__Available records__.
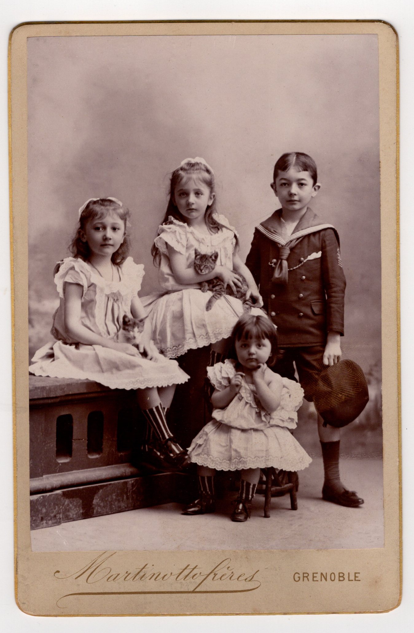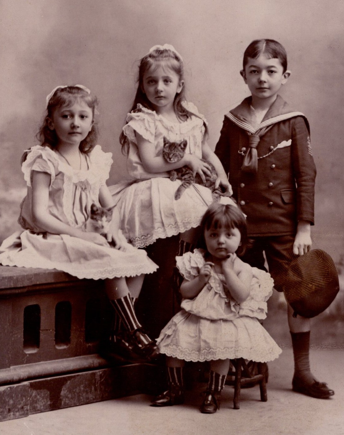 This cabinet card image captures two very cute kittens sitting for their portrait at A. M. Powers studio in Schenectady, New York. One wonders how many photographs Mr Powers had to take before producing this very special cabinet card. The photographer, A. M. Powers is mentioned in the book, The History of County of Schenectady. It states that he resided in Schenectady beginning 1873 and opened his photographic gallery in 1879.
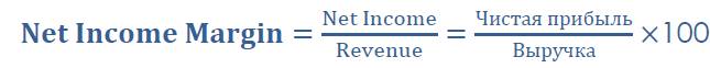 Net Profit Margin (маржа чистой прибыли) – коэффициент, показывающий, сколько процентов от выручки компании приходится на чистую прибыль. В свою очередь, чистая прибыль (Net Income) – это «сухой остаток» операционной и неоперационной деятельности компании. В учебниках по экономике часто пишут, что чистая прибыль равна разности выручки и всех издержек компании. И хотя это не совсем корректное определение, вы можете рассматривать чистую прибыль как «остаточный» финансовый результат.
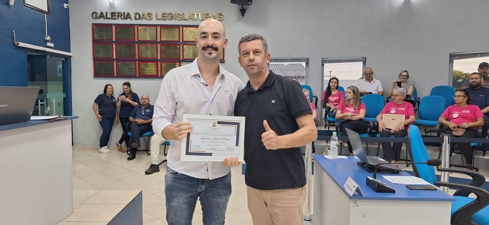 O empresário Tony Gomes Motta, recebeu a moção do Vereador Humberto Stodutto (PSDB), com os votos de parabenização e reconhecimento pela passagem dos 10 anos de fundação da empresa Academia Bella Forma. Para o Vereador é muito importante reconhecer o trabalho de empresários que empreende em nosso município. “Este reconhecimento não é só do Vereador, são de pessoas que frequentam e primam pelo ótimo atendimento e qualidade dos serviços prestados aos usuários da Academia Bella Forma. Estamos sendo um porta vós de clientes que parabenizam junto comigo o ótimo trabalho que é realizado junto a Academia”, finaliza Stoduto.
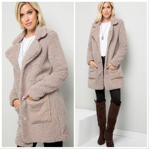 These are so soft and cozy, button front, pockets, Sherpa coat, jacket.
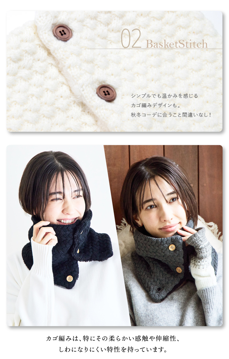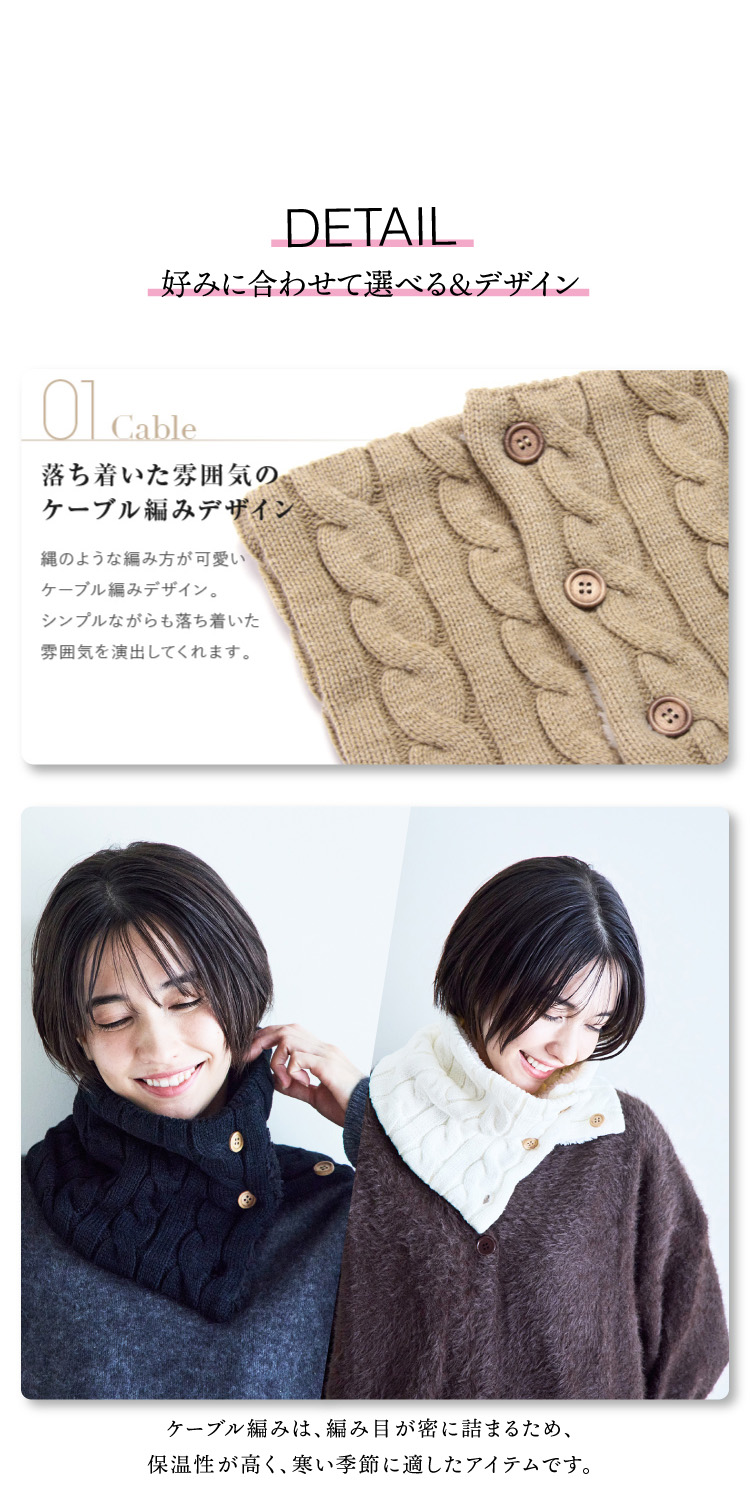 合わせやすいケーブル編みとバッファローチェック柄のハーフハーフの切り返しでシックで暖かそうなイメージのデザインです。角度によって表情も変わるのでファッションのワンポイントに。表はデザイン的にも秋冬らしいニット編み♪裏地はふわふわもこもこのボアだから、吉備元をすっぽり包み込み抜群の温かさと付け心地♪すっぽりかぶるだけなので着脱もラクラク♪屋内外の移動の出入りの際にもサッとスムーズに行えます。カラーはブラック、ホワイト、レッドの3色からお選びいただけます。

__Aim of the exercise__. Write out again, word for word, the lines from the one holding "These are so" through the final line of the listing, including both ends but no pictures.

__Response__.
 These are so soft and cozy, button front, pockets, Sherpa coat, jacket.
 合わせやすいケーブル編みとバッファローチェック柄のハーフハーフの切り返しでシックで暖かそうなイメージのデザインです。角度によって表情も変わるのでファッションのワンポイントに。表はデザイン的にも秋冬らしいニット編み♪裏地はふわふわもこもこのボアだから、吉備元をすっぽり包み込み抜群の温かさと付け心地♪すっぽりかぶるだけなので着脱もラクラク♪屋内外の移動の出入りの際にもサッとスムーズに行えます。カラーはブラック、ホワイト、レッドの3色からお選びいただけます。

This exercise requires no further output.